→ WHAT IS NEEDED
With pictures excluded, copy word for word the lines in the data below from the line containing "This week we" through the line containing "Шкаф пенал AM.PM".

→ RECORDS FOR THE EXERCISE
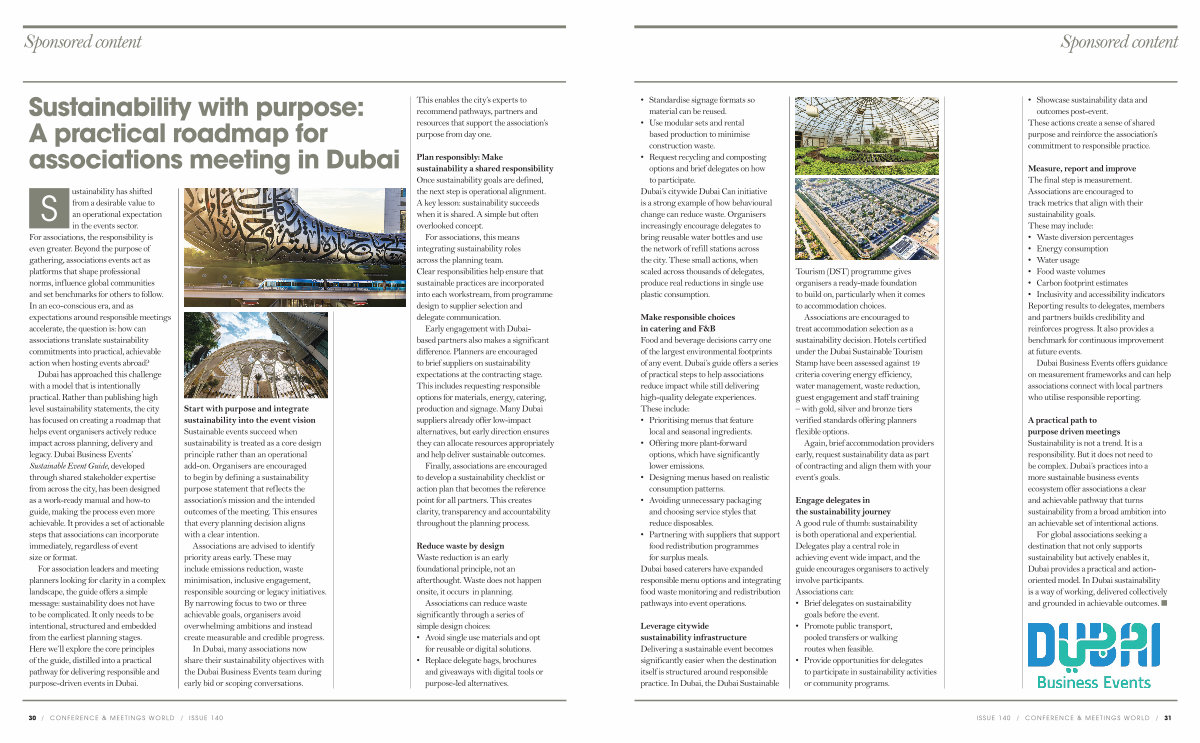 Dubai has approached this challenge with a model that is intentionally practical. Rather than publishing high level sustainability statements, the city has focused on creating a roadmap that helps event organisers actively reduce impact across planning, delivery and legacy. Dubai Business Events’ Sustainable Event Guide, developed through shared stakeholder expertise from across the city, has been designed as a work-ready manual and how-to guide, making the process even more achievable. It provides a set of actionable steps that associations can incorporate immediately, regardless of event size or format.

==

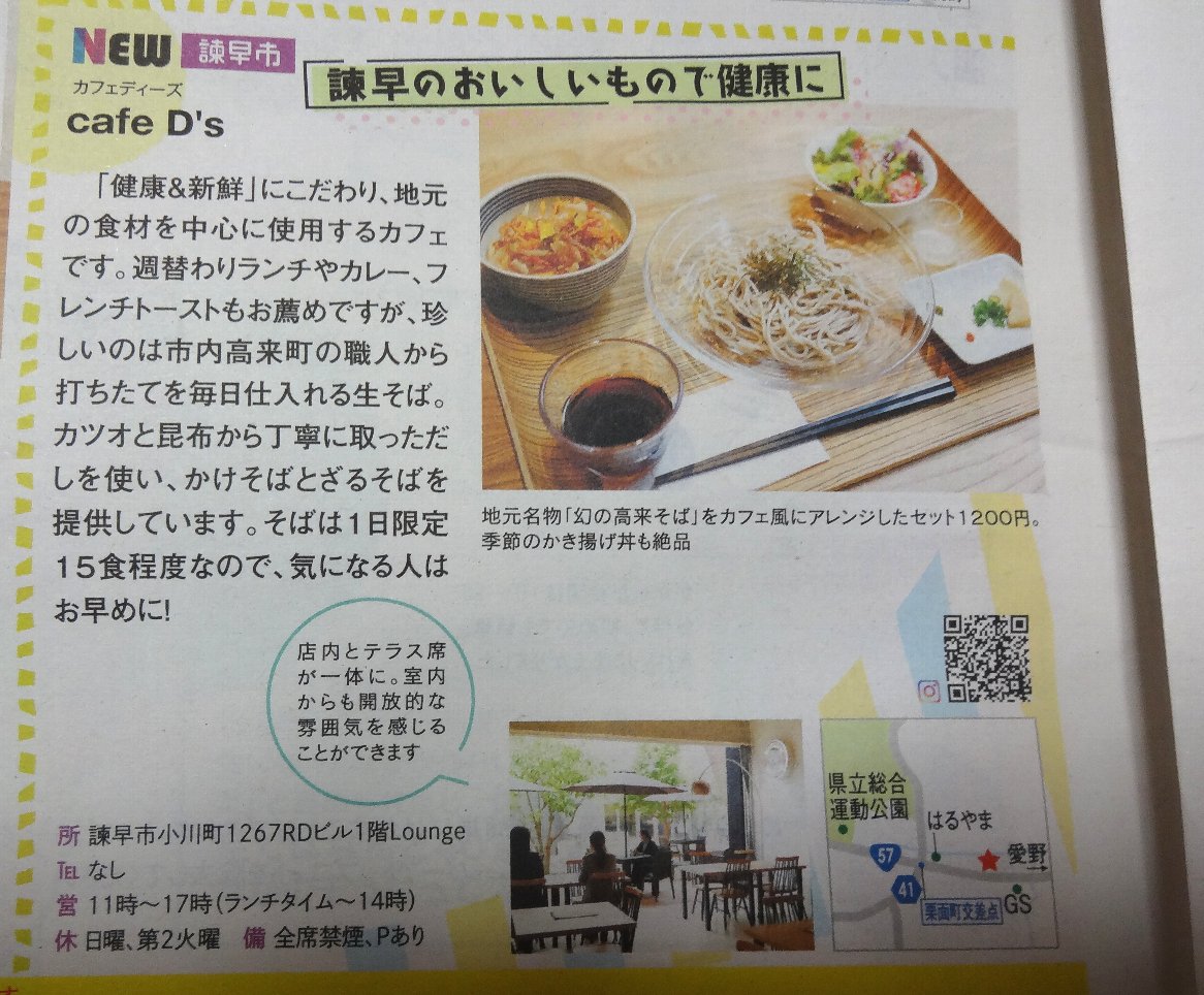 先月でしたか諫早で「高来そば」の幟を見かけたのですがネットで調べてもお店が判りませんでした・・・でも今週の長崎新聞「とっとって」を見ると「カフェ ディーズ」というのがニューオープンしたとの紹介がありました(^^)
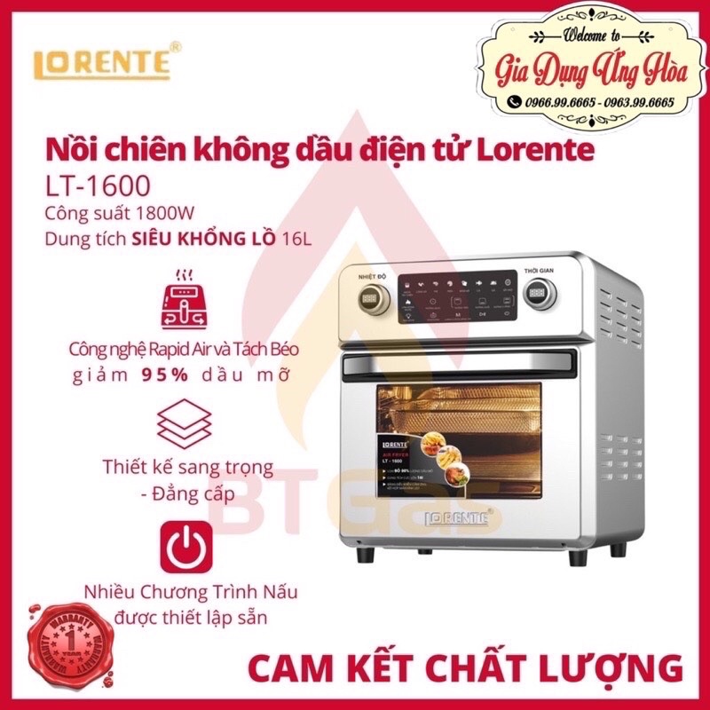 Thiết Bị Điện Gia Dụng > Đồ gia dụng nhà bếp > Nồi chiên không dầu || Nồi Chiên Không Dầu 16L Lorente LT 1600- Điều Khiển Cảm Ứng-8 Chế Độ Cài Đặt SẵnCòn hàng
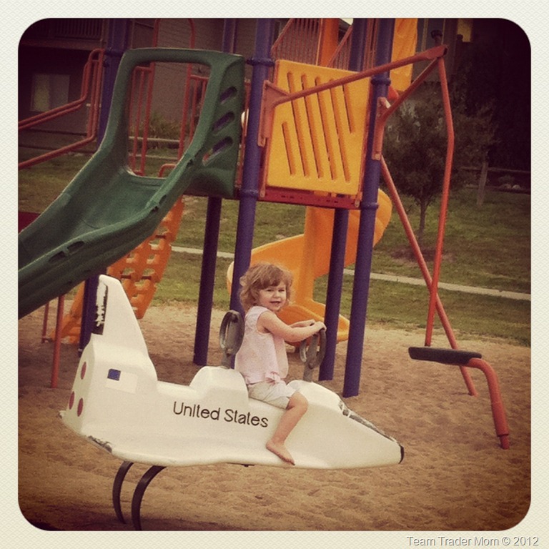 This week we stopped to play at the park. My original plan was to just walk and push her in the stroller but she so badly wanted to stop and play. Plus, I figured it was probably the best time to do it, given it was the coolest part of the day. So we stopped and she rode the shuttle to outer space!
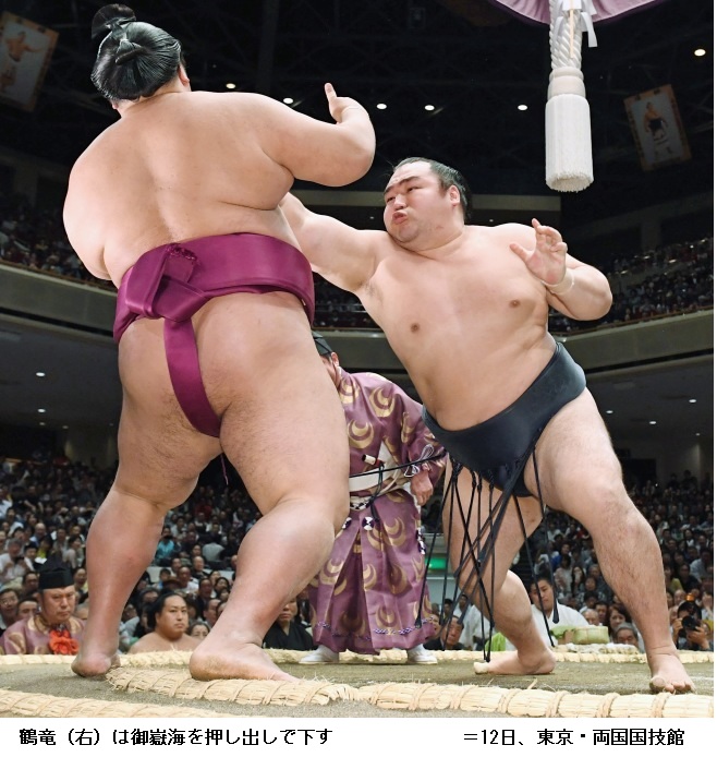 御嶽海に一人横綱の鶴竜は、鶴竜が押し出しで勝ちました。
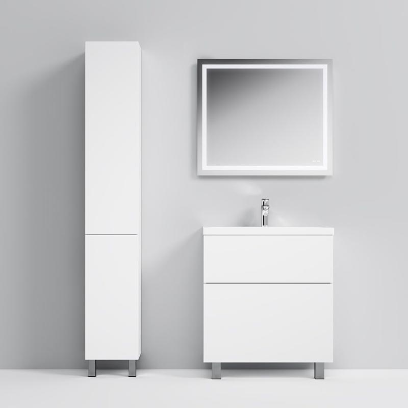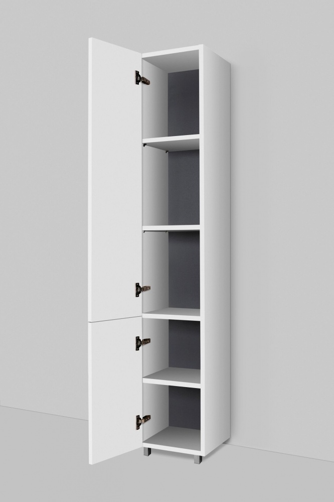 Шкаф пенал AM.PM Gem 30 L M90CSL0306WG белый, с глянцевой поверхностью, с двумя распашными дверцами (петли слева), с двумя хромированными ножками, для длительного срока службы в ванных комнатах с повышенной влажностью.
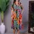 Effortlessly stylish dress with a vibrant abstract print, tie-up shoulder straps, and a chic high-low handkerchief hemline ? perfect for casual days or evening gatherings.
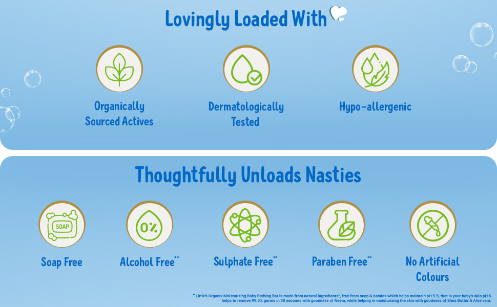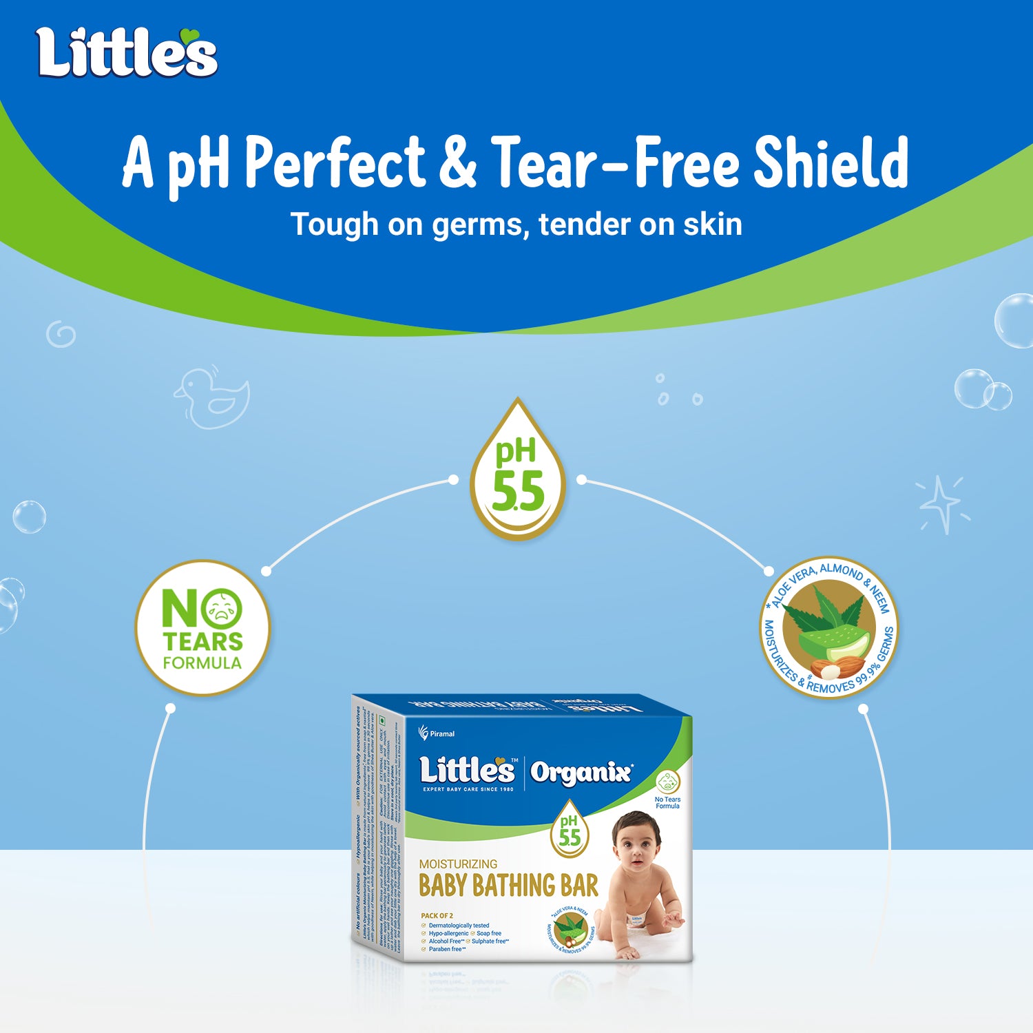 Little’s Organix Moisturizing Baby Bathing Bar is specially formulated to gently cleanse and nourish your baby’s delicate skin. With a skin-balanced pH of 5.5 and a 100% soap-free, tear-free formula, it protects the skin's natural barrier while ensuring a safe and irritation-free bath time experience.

---

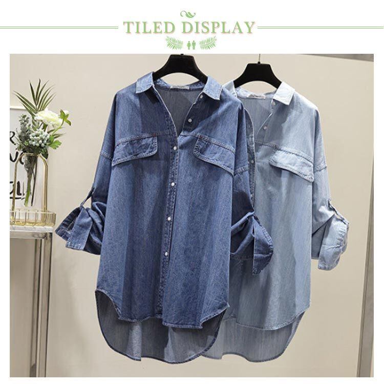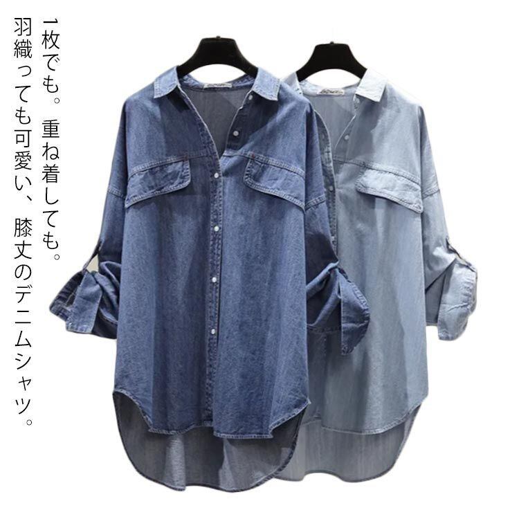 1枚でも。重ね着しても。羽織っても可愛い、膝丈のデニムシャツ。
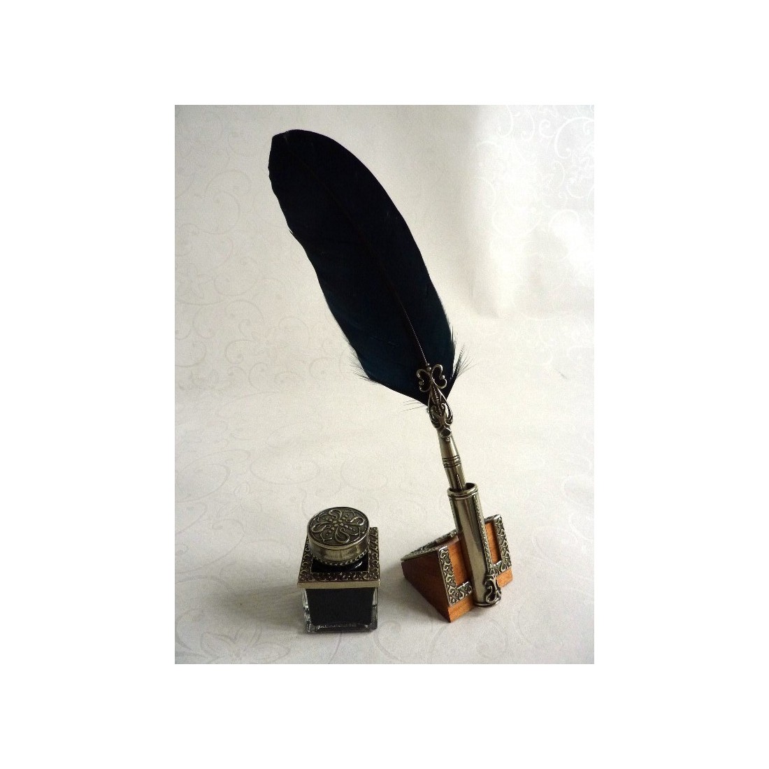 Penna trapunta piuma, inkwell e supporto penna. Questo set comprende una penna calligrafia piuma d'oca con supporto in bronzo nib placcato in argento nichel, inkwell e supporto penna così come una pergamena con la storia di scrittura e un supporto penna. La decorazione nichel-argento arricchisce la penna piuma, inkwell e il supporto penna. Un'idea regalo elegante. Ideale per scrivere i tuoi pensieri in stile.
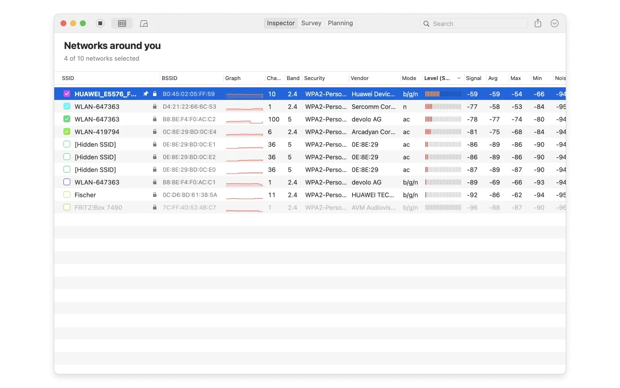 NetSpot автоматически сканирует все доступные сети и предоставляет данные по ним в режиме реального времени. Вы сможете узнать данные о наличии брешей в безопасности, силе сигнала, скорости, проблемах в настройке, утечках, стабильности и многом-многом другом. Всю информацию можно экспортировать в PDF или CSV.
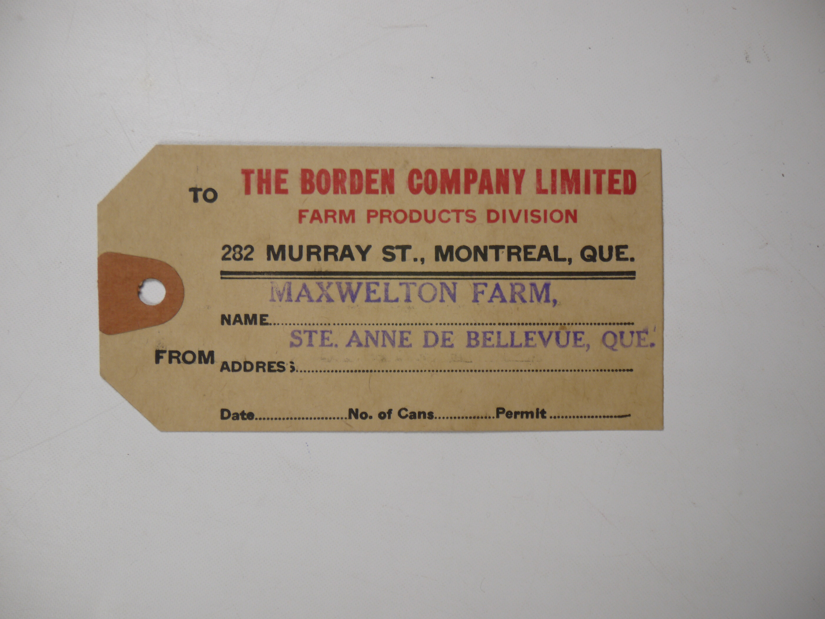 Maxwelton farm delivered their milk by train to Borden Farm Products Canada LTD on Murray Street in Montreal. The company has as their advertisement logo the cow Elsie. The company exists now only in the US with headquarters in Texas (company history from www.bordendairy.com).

→ ANSWER BELOW
 This week we stopped to play at the park. My original plan was to just walk and push her in the stroller but she so badly wanted to stop and play. Plus, I figured it was probably the best time to do it, given it was the coolest part of the day. So we stopped and she rode the shuttle to outer space!
 御嶽海に一人横綱の鶴竜は、鶴竜が押し出しで勝ちました。
 Шкаф пенал AM.PM Gem 30 L M90CSL0306WG белый, с глянцевой поверхностью, с двумя распашными дверцами (петли слева), с двумя хромированными ножками, для длительного срока службы в ванных комнатах с повышенной влажностью.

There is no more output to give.